## [Aim of the exercise]
Your answer must match, word for word, the lines from the one holding "本特別版は、AI書店員キャラ" through the final line below, with pictures excluded.

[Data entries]
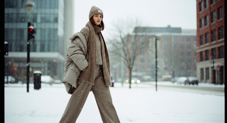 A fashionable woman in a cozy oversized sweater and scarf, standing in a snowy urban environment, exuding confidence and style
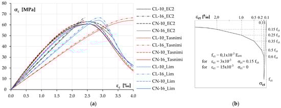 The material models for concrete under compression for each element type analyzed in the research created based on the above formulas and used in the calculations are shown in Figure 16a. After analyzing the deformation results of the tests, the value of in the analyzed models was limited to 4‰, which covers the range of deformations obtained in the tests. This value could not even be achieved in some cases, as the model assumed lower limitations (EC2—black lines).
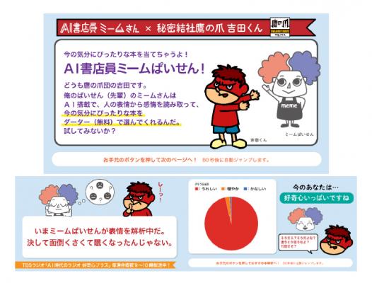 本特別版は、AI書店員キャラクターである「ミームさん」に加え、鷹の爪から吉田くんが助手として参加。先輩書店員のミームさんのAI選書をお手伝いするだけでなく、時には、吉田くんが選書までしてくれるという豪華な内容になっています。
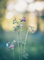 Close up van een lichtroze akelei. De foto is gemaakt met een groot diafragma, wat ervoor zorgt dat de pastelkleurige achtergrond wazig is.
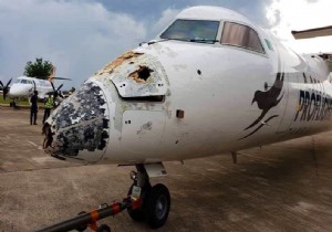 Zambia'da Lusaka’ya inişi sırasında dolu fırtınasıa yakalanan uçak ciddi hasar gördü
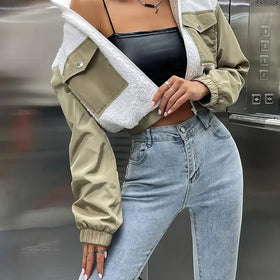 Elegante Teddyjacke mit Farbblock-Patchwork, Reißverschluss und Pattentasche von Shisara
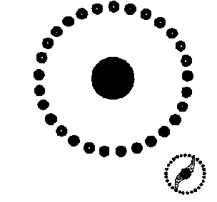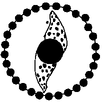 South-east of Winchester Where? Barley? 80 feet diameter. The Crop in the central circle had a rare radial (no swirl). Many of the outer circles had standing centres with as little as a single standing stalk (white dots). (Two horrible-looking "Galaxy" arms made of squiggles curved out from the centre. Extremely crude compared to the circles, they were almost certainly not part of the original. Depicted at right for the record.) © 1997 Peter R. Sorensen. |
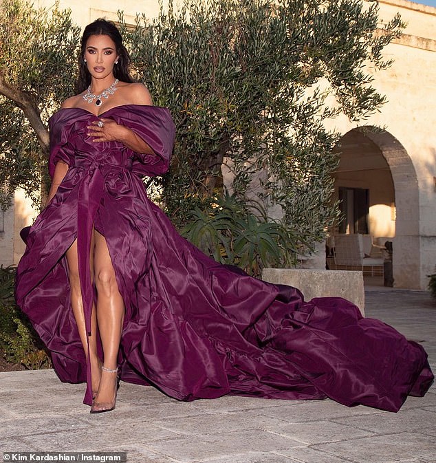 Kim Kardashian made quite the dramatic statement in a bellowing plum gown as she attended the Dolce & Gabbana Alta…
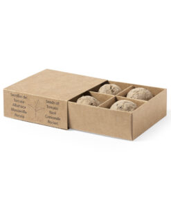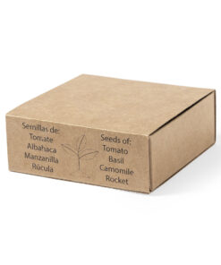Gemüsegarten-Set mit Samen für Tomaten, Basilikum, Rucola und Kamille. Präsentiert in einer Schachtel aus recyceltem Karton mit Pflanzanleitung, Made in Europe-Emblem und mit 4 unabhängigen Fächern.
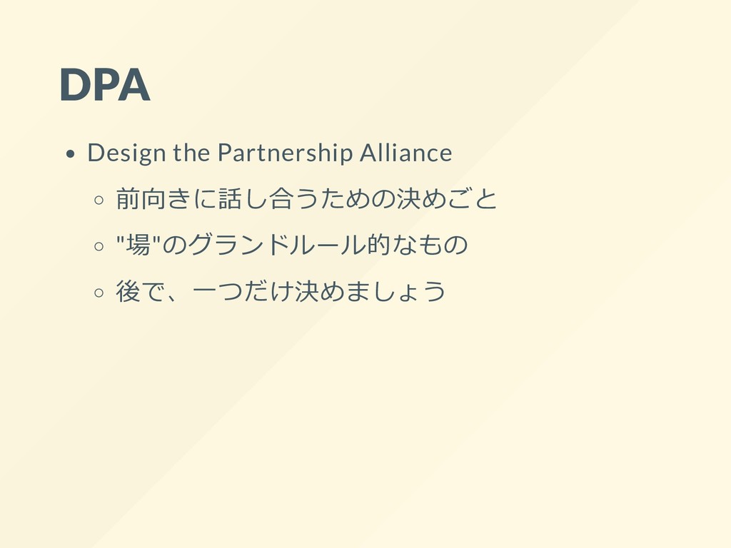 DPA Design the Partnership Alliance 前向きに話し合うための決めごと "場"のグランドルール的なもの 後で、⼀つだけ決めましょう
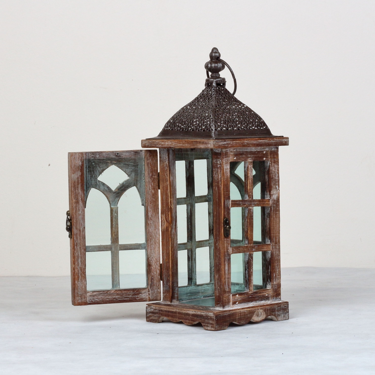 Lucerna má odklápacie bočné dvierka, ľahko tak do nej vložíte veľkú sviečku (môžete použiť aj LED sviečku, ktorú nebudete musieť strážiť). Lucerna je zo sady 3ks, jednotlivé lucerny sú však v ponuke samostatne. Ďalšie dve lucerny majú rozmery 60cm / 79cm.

## [Reply to the task]
 本特別版は、AI書店員キャラクターである「ミームさん」に加え、鷹の爪から吉田くんが助手として参加。先輩書店員のミームさんのAI選書をお手伝いするだけでなく、時には、吉田くんが選書までしてくれるという豪華な内容になっています。
 Close up van een lichtroze akelei. De foto is gemaakt met een groot diafragma, wat ervoor zorgt dat de pastelkleurige achtergrond wazig is.
 Zambia'da Lusaka’ya inişi sırasında dolu fırtınasıa yakalanan uçak ciddi hasar gördü
 Elegante Teddyjacke mit Farbblock-Patchwork, Reißverschluss und Pattentasche von Shisara
 South-east of Winchester Where? Barley? 80 feet diameter. The Crop in the central circle had a rare radial (no swirl). Many of the outer circles had standing centres with as little as a single standing stalk (white dots). (Two horrible-looking "Galaxy" arms made of squiggles curved out from the centre. Extremely crude compared to the circles, they were almost certainly not part of the original. Depicted at right for the record.) © 1997 Peter R. Sorensen. |
 Kim Kardashian made quite the dramatic statement in a bellowing plum gown as she attended the Dolce & Gabbana Alta…
Gemüsegarten-Set mit Samen für Tomaten, Basilikum, Rucola und Kamille. Präsentiert in einer Schachtel aus recyceltem Karton mit Pflanzanleitung, Made in Europe-Emblem und mit 4 unabhängigen Fächern.
 DPA Design the Partnership Alliance 前向きに話し合うための決めごと "場"のグランドルール的なもの 後で、⼀つだけ決めましょう
 Lucerna má odklápacie bočné dvierka, ľahko tak do nej vložíte veľkú sviečku (môžete použiť aj LED sviečku, ktorú nebudete musieť strážiť). Lucerna je zo sady 3ks, jednotlivé lucerny sú však v ponuke samostatne. Ďalšie dve lucerny majú rozmery 60cm / 79cm.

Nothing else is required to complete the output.